**TASK PROMPT**: From the line containing "Annual CO2 emissions" to the line containing "Leggy teen flashes" in the records below, set down every line exactly as it stands, both ends included, and skip the pictures.

**RECORDS**:
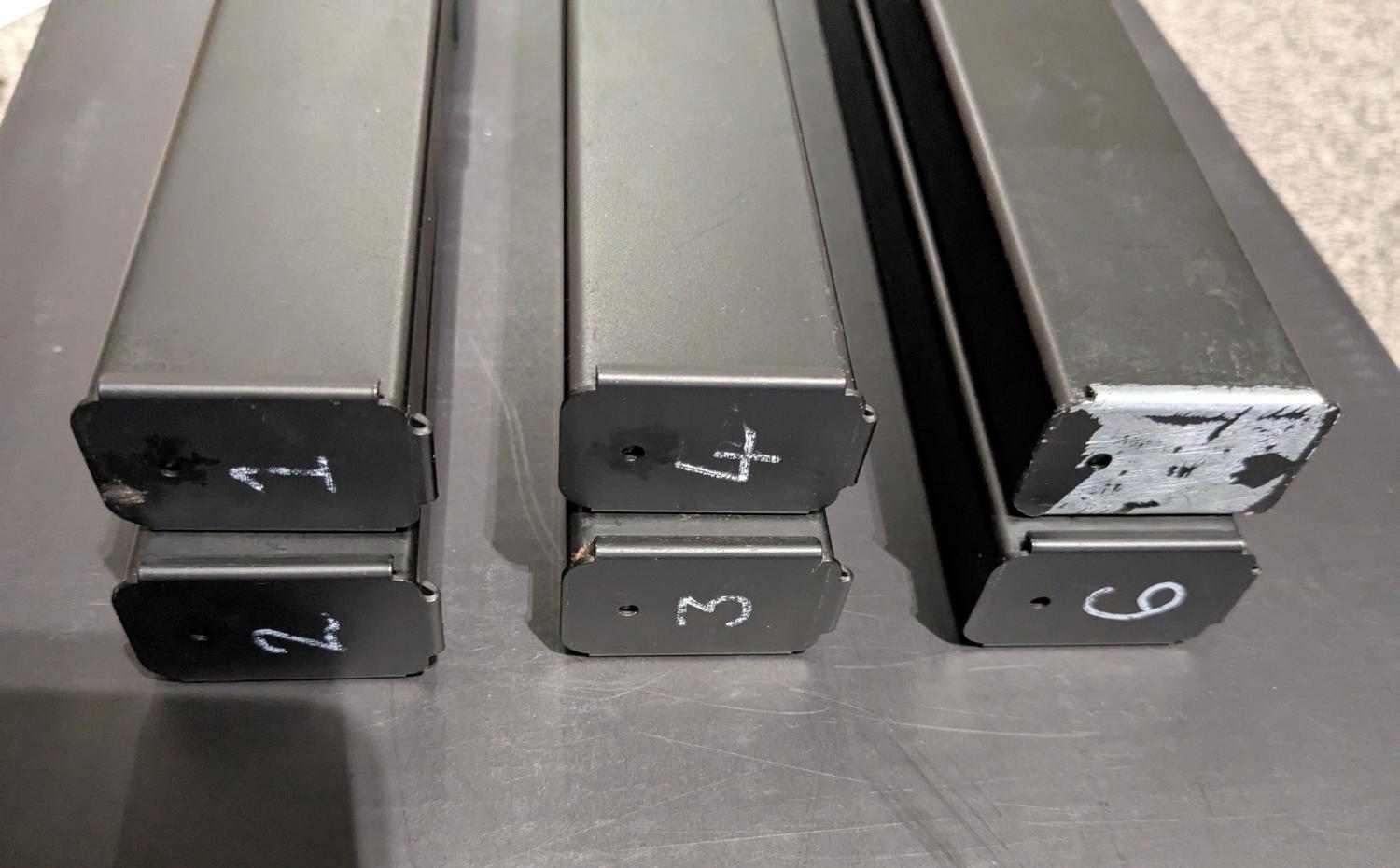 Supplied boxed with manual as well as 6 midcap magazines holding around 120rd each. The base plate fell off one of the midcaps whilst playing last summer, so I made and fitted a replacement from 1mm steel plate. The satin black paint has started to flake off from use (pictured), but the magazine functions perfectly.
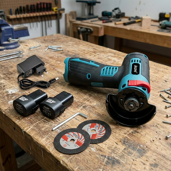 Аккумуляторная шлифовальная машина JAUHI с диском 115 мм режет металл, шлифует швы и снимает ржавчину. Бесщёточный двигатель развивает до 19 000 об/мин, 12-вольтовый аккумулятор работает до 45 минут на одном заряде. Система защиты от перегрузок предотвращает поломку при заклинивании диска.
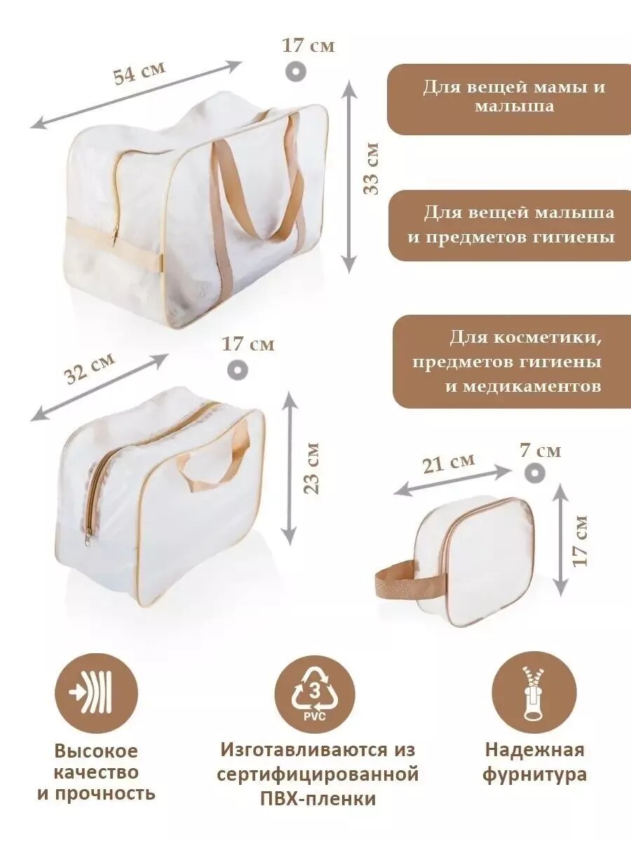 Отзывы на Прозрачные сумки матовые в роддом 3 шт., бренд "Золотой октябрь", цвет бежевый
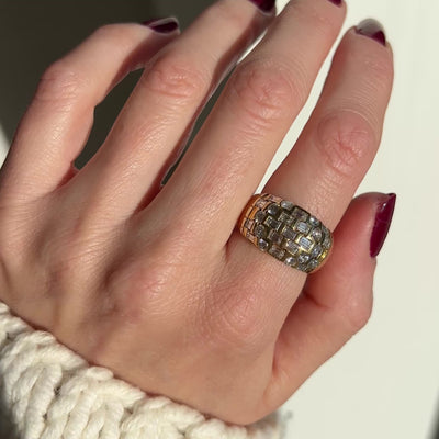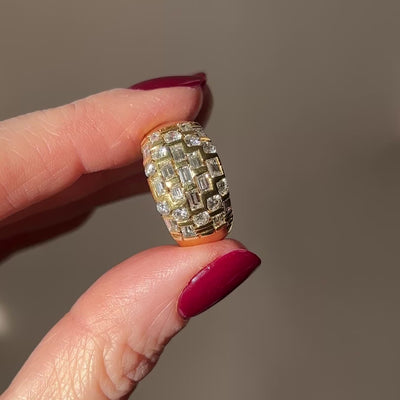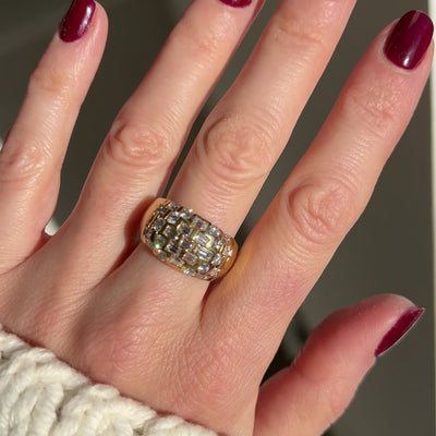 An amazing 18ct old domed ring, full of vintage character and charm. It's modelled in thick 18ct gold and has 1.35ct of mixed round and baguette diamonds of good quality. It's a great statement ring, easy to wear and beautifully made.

...

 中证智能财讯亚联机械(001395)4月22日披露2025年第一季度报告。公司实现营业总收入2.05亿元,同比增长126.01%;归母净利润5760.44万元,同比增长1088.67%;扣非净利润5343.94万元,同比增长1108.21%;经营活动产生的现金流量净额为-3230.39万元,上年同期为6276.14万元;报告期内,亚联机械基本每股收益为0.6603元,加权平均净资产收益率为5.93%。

---

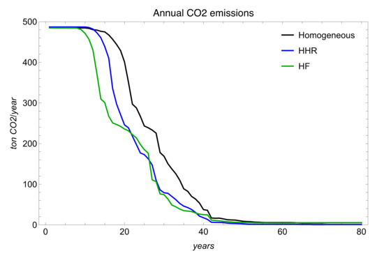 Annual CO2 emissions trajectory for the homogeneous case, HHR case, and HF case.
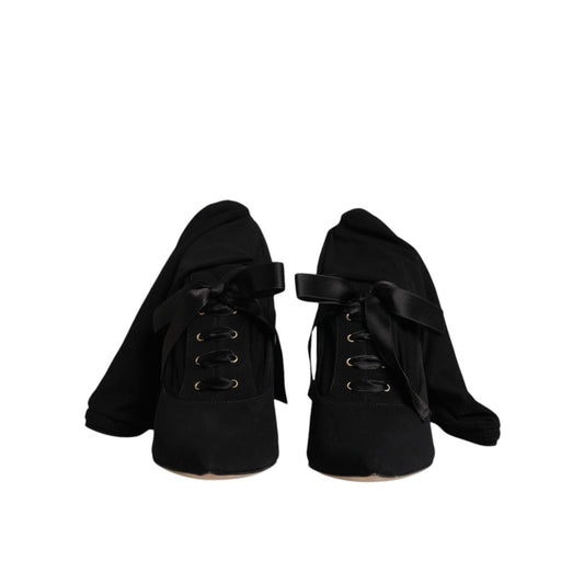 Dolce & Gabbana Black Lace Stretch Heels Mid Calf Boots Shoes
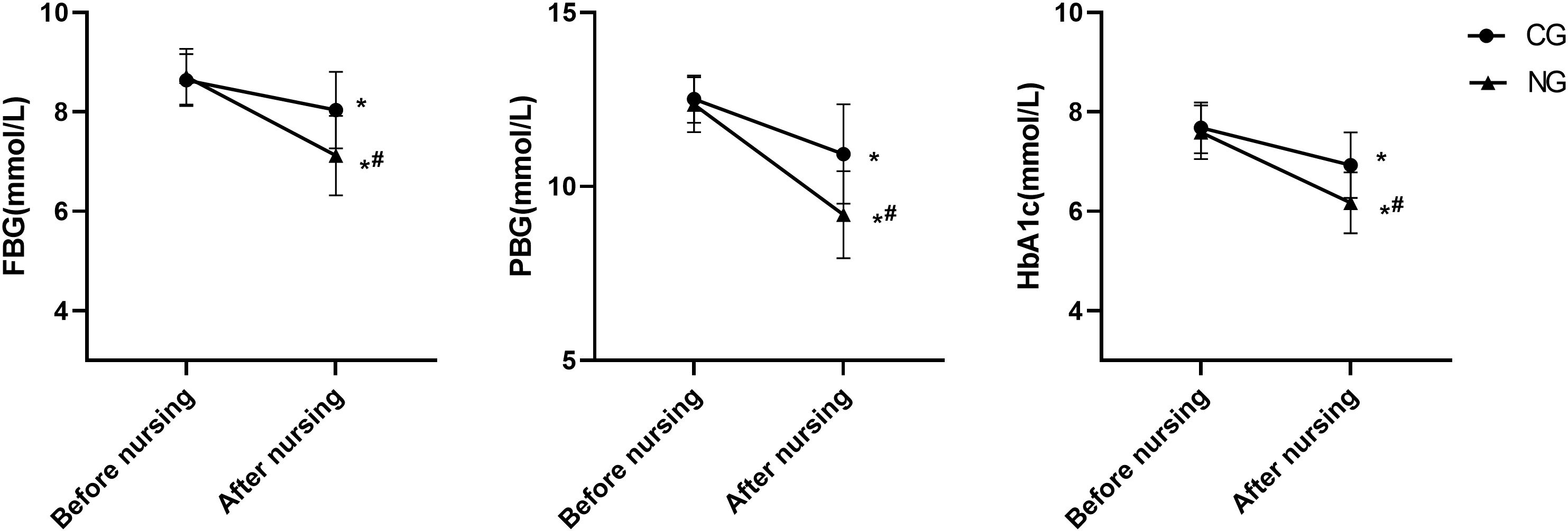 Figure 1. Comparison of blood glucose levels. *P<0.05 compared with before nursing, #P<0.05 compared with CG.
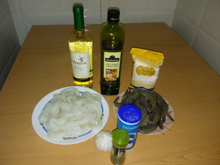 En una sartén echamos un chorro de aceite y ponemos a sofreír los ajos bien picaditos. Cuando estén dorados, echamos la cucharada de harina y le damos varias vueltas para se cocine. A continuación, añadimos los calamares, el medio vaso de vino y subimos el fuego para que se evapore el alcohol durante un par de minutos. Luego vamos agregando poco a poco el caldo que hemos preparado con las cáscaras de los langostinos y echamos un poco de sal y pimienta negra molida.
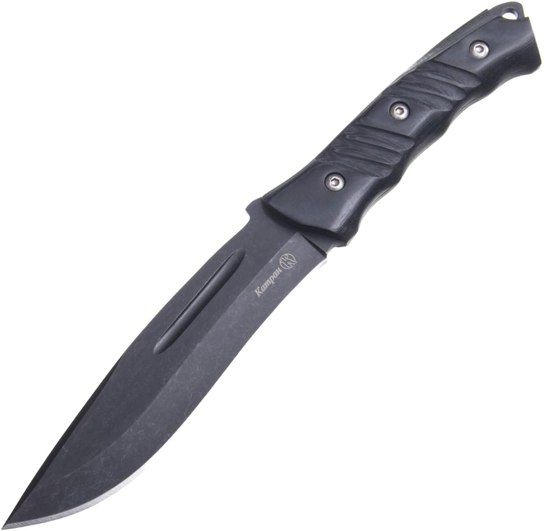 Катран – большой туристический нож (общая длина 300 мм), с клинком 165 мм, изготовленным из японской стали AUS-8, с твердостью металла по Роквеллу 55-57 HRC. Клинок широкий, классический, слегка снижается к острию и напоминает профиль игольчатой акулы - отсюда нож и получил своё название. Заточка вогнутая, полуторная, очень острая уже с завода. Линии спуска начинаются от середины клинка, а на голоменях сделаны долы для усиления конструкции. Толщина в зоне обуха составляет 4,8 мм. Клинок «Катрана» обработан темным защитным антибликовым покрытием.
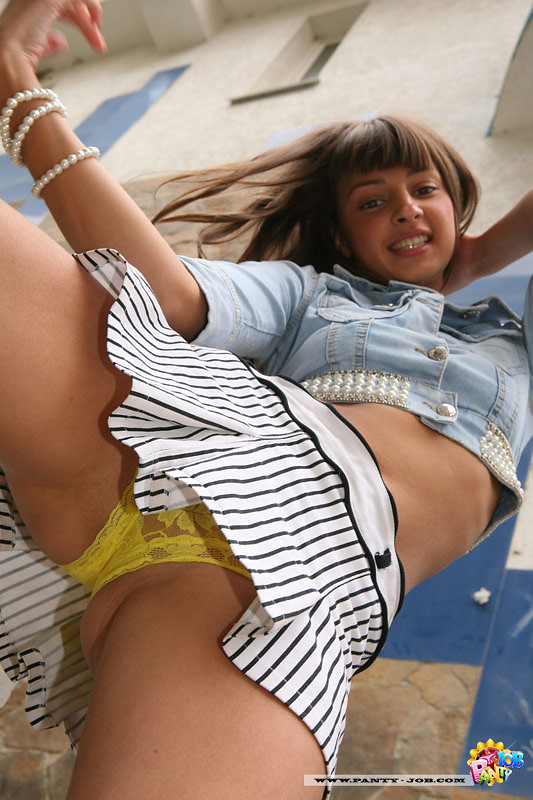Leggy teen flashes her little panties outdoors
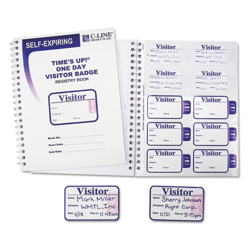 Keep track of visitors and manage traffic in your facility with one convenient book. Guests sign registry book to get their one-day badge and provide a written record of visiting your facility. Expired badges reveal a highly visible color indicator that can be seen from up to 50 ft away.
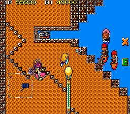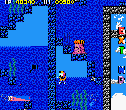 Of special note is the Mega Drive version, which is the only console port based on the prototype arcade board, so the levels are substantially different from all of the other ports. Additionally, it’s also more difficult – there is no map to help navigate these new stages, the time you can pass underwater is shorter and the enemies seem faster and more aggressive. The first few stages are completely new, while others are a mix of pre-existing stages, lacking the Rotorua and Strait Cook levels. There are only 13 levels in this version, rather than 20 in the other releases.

**ANSWER TO THIS EXERCISE**:
 Annual CO2 emissions trajectory for the homogeneous case, HHR case, and HF case.
 Dolce & Gabbana Black Lace Stretch Heels Mid Calf Boots Shoes
 Figure 1. Comparison of blood glucose levels. *P<0.05 compared with before nursing, #P<0.05 compared with CG.
 En una sartén echamos un chorro de aceite y ponemos a sofreír los ajos bien picaditos. Cuando estén dorados, echamos la cucharada de harina y le damos varias vueltas para se cocine. A continuación, añadimos los calamares, el medio vaso de vino y subimos el fuego para que se evapore el alcohol durante un par de minutos. Luego vamos agregando poco a poco el caldo que hemos preparado con las cáscaras de los langostinos y echamos un poco de sal y pimienta negra molida.
 Катран – большой туристический нож (общая длина 300 мм), с клинком 165 мм, изготовленным из японской стали AUS-8, с твердостью металла по Роквеллу 55-57 HRC. Клинок широкий, классический, слегка снижается к острию и напоминает профиль игольчатой акулы - отсюда нож и получил своё название. Заточка вогнутая, полуторная, очень острая уже с завода. Линии спуска начинаются от середины клинка, а на голоменях сделаны долы для усиления конструкции. Толщина в зоне обуха составляет 4,8 мм. Клинок «Катрана» обработан темным защитным антибликовым покрытием.
Leggy teen flashes her little panties outdoors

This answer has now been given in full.